When I look back at myself a year ago, or even 6 months ago, I realise how much I’ve changed and if I may say so myself, grown as a person.
Like a typical teenage girl, I was concerned about my social media stats. Did I get enough likes on my profile picture on Facebook? Are people reading and supporting my tweets on Twitter? Did people care enough to talk about me or my posts? I was worried about the things people could see about me online and whether I looked “popular” enough. If I didn’t get a satisfactory response, I would remove that photo or remove the tweet even though it’s what I thought or even if I felt pretty and happy with my appearance in that photo.
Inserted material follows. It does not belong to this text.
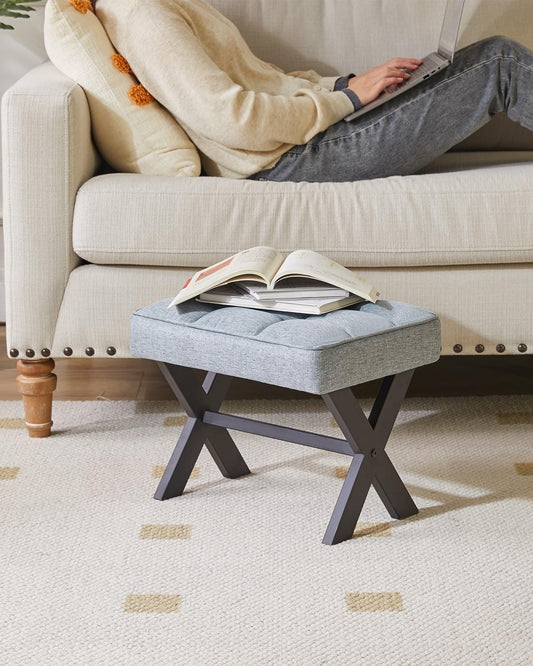 IBUYKE Small 12" H Footrest Stool, Square Linen Foot Stool with Metal X-Leg, Multi-Use as Small Side Table, Step Stool for Living Room, Bedroom, Entryway, Office, Blue Gray WBD011L

Nowadays, I post photos without messaging my friends first about what they think. If I’m worried about what people think, it’s not because I’m worried they won’t like me, but more so I’m worried I’ve offended them with a controversial tweet or by just being honest which, apparently some people don’t like.
I used to find joy online from one “special” person liking my photo or reaching 70, 80, 90 likes on my profile photo, but now I couldn’t care less.
The one thing that actually brings me joy is accomplishing something and actually expressing myself. This is something that this blog has given me and has actually been the only place I can do this apart from having discussions or debates about specific topics with the people I’m closest to.
Writing posts brings me more joy and more pleasure than any “acceptance” I’ve previously received from the community around me through the means of likes or retweets. I’ve outgrown all of these gimmicks and just want to be heard. A community of strangers on here has accepted me for who I am and allowed me to find myself in a short period of time.
I no longer feel like I need a person sat behind a computer screen to accept me by liking my status or retweeting my tweet. To be honest I couldn’t care less if they accept me at all because I am being honest to myself and if they don’t like this version of me, I don’t need them.
I am the only one who needs to be proud of me, and I am the only person who needs to like a photo of myself.